_DATA IN THIS EXERCISE_:
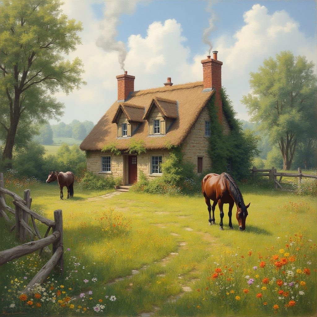 This image shows a charming cottage scene with horses grazing peacefully in a wildflower meadow. The idyllic landscape is rendered with soft brushstrokes reminiscent of impressionist paintings.
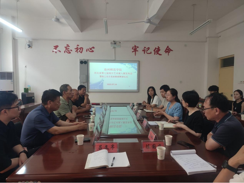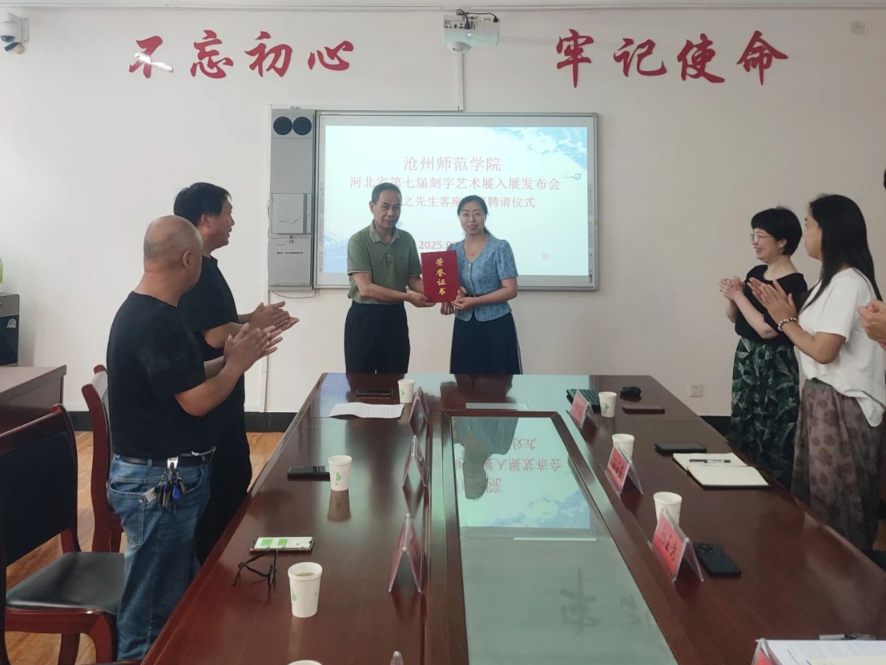 7月14日,太阳集团tcy8722网站河北省第七届刻字艺术展入展发布会暨张之先生客座教授聘请仪式在太阳集团tcy8722网站文学院举行,庆祝太阳集团书法学专业学生在河北省第七届刻字艺术展中取得佳绩。 中国书协刻字委员会原副主任张之,沧州市书协副主席兼秘书长冯子平,沧州市书协原副主席房世良,沧州市书协副秘书长黄子麟应邀参加发布会。太阳集团tcy8722网站党委常委、副校长郭玉秀,文学院院长王金萍,副院长孙玉安,书法学科负责人田雨潇、书法教研室主任刘晓霞与专任教师代表和获奖入展学生代表共同参加了此次活动。
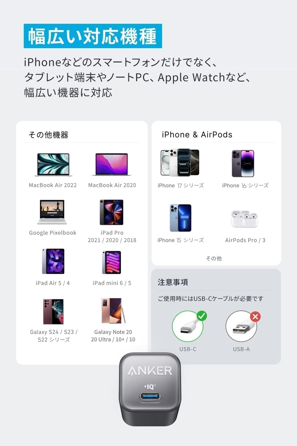 ▼パッケージ内容Anker511Charger(Nano3,30W)、取扱説明書、最大30ヶ月保証(※正規販売店からの注文に限り24ヶ月保証の対象となり、条件付きで+6ヶ月の延長保証が付きます。注文番号が保証書の代わりとなります。)、カスタマーサポート
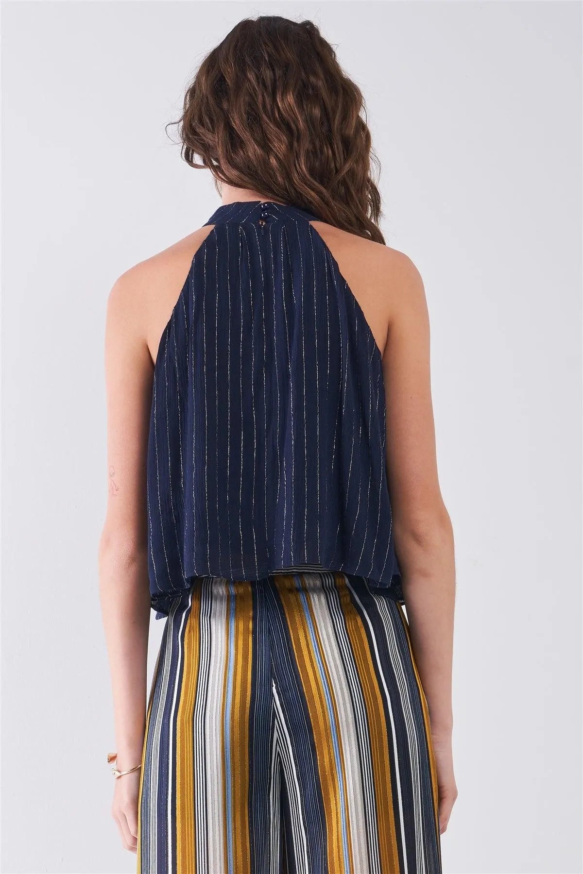Navy Blue & Silver Weave Striped Halter Neck Sleeveless Loose Fit Top /2-2
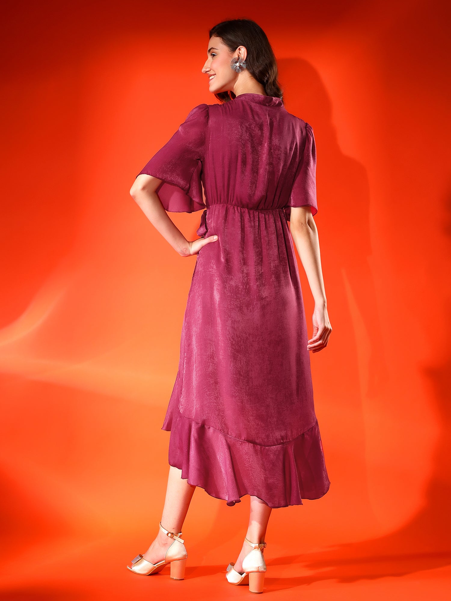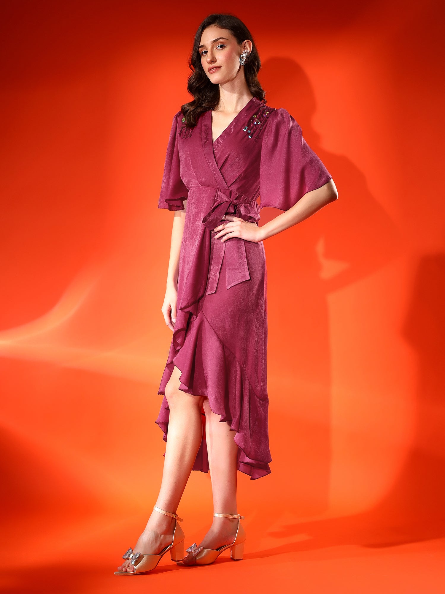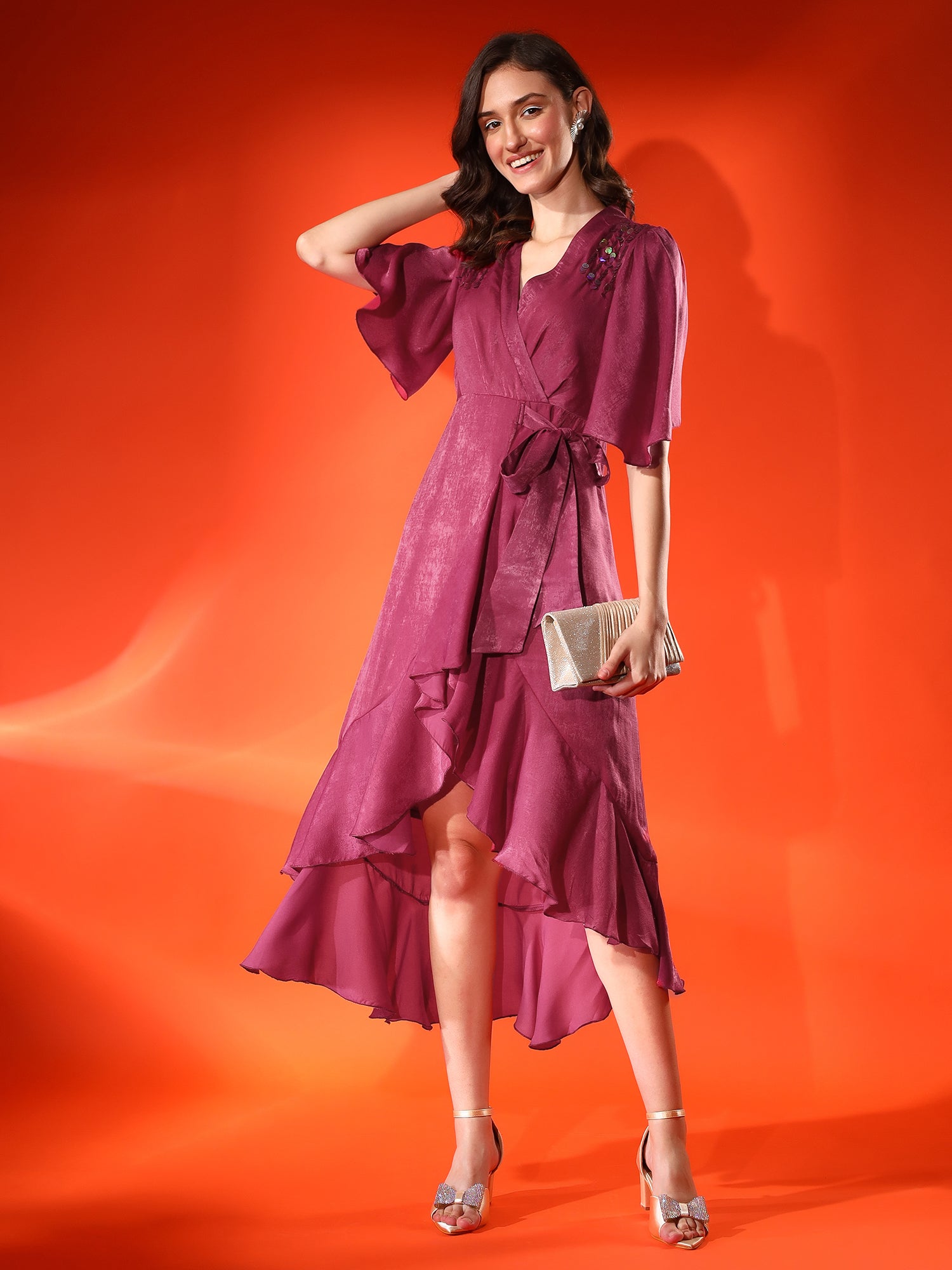 A romantic high-low wrap dress in a rich wine hue, featuring flutter sleeves, shoulder embellishments, and a flowing layered hem—ideal for turning heads at your next event.
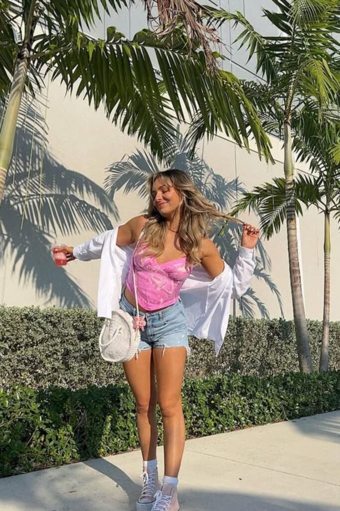 The hot-pink corset top goes with denim shorts and an oversized white shirt worn loose for a relaxed look.
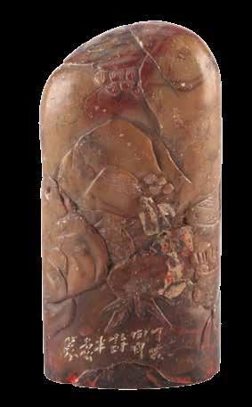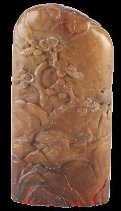 椭圆柱形,顶部呈弧形,左高右低。印面刻篆体白文“五岳归来不看山”,印身浮雕山景梅花,山之雄奇表现得淋漓尽致,与印文含意吻合。印章石质致密莹润,美观大方。
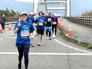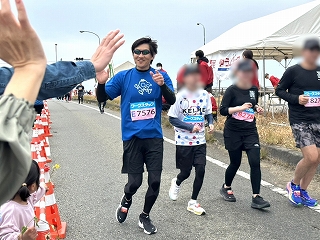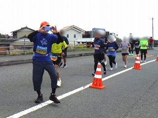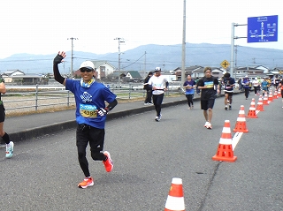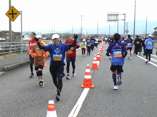 西条大橋南詰から100メートルくらい進んだところで、ナベさんがランナーたちの勇姿をがっつり撮影してくれました! |
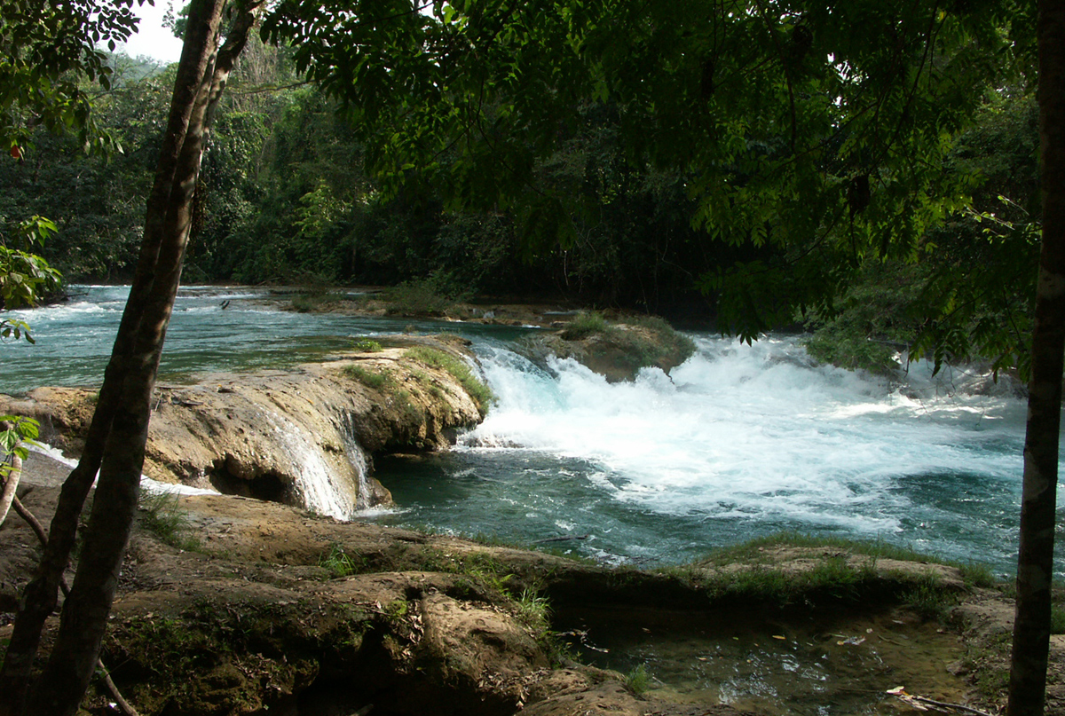 ... weg von unserem nassen und kühlen Mai, hin zu Badefreuden im März 2004, in den Wasserfällen Aguas azuls in Mexiko, auf der Halbinsel Yucatan!
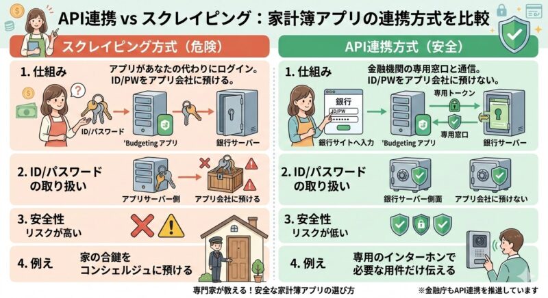 以前主流だった「スクレイピング方式」は、アプリに銀行などのIDとパスワードを預けて、あなたの代わりにログインしてもらう方法です。 言ってしまえば、家の合鍵をコンシェルジュに預けるようなもの。もしコンシェルジュの管理室が攻撃されたら、あなたの家の鍵まで盗まれてしまう危険があるのです。
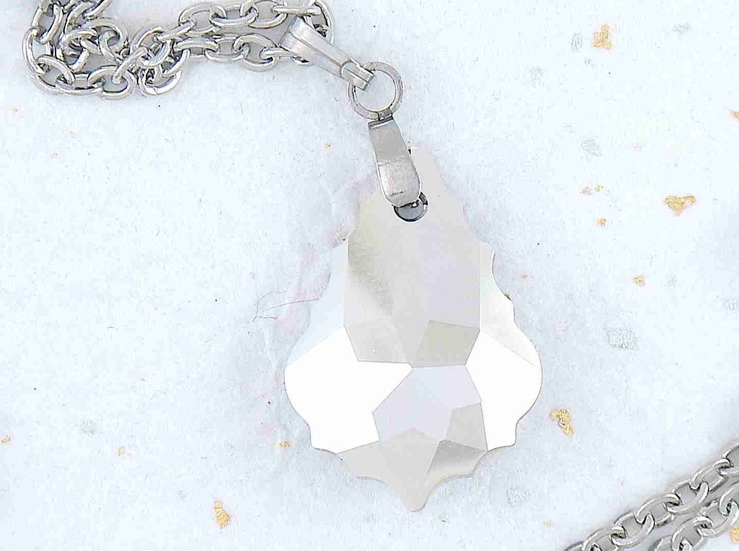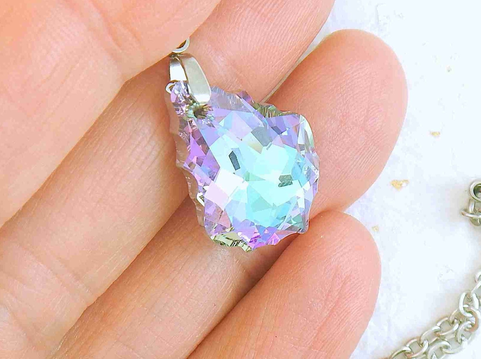 16-inch necklace with 22mm Vitrail Light (blue, turquoise, lilac) baroque Swarovski crystal pendant, stainless steel chain
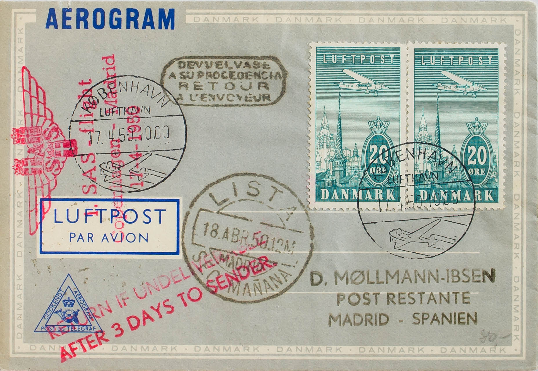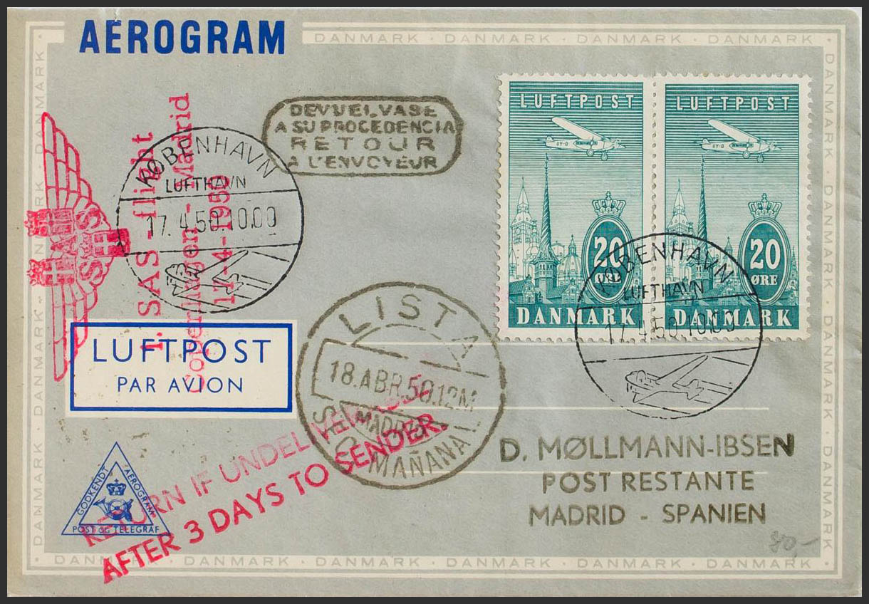 Yvert 8(2). 1950. 20 ore green grey, two stamps. Airgram from COPENHAGEN to MADRID. On the front it marks 1. SAAS-FLIGHT / COPENHAGEN-MADRID, in red and various returns marks. MAGNIFICENT AND RARE.
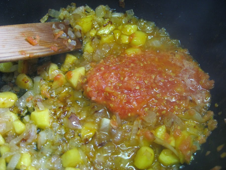 3º " En la cazuela colocamos la cebolla, las manzanas y añadimos los tres tomates rallados, (sin piel). Dejamos que se haga el tomate.
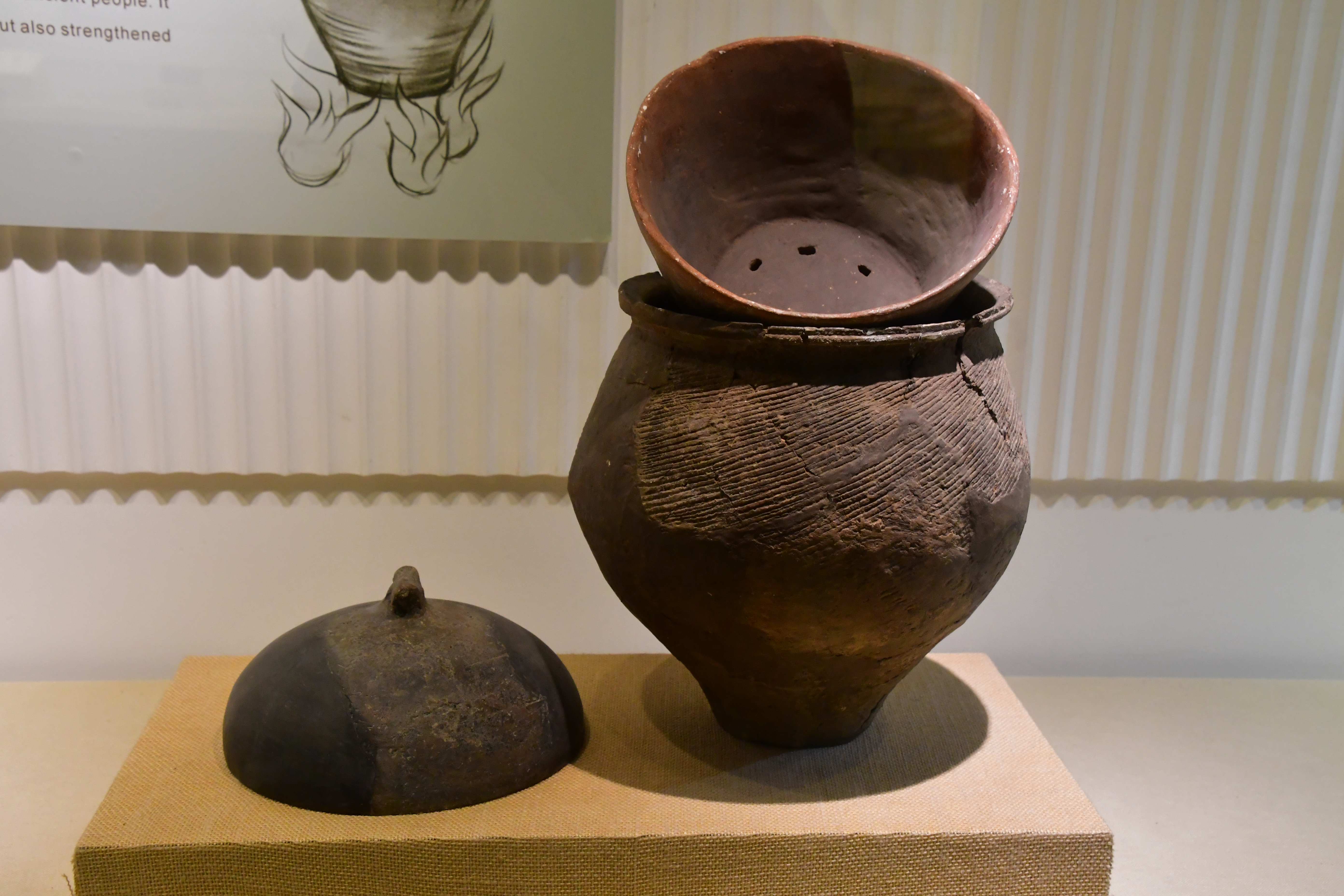◆ 右: 협사도관(夾砂陶罐)_모래 섞인 자갈로 빚은 질 단지.

_THE TASK_:
Leave the images behind and write out every entry exactly.

_YOUR RESPONSE_:
 This image shows a charming cottage scene with horses grazing peacefully in a wildflower meadow. The idyllic landscape is rendered with soft brushstrokes reminiscent of impressionist paintings.
 7月14日,太阳集团tcy8722网站河北省第七届刻字艺术展入展发布会暨张之先生客座教授聘请仪式在太阳集团tcy8722网站文学院举行,庆祝太阳集团书法学专业学生在河北省第七届刻字艺术展中取得佳绩。 中国书协刻字委员会原副主任张之,沧州市书协副主席兼秘书长冯子平,沧州市书协原副主席房世良,沧州市书协副秘书长黄子麟应邀参加发布会。太阳集团tcy8722网站党委常委、副校长郭玉秀,文学院院长王金萍,副院长孙玉安,书法学科负责人田雨潇、书法教研室主任刘晓霞与专任教师代表和获奖入展学生代表共同参加了此次活动。
 ▼パッケージ内容Anker511Charger(Nano3,30W)、取扱説明書、最大30ヶ月保証(※正規販売店からの注文に限り24ヶ月保証の対象となり、条件付きで+6ヶ月の延長保証が付きます。注文番号が保証書の代わりとなります。)、カスタマーサポート
Navy Blue & Silver Weave Striped Halter Neck Sleeveless Loose Fit Top /2-2
 A romantic high-low wrap dress in a rich wine hue, featuring flutter sleeves, shoulder embellishments, and a flowing layered hem—ideal for turning heads at your next event.
 The hot-pink corset top goes with denim shorts and an oversized white shirt worn loose for a relaxed look.
 椭圆柱形,顶部呈弧形,左高右低。印面刻篆体白文“五岳归来不看山”,印身浮雕山景梅花,山之雄奇表现得淋漓尽致,与印文含意吻合。印章石质致密莹润,美观大方。
 西条大橋南詰から100メートルくらい進んだところで、ナベさんがランナーたちの勇姿をがっつり撮影してくれました! |
 ... weg von unserem nassen und kühlen Mai, hin zu Badefreuden im März 2004, in den Wasserfällen Aguas azuls in Mexiko, auf der Halbinsel Yucatan!
 以前主流だった「スクレイピング方式」は、アプリに銀行などのIDとパスワードを預けて、あなたの代わりにログインしてもらう方法です。 言ってしまえば、家の合鍵をコンシェルジュに預けるようなもの。もしコンシェルジュの管理室が攻撃されたら、あなたの家の鍵まで盗まれてしまう危険があるのです。
 16-inch necklace with 22mm Vitrail Light (blue, turquoise, lilac) baroque Swarovski crystal pendant, stainless steel chain
 Yvert 8(2). 1950. 20 ore green grey, two stamps. Airgram from COPENHAGEN to MADRID. On the front it marks 1. SAAS-FLIGHT / COPENHAGEN-MADRID, in red and various returns marks. MAGNIFICENT AND RARE.
 3º " En la cazuela colocamos la cebolla, las manzanas y añadimos los tres tomates rallados, (sin piel). Dejamos que se haga el tomate.
◆ 右: 협사도관(夾砂陶罐)_모래 섞인 자갈로 빚은 질 단지.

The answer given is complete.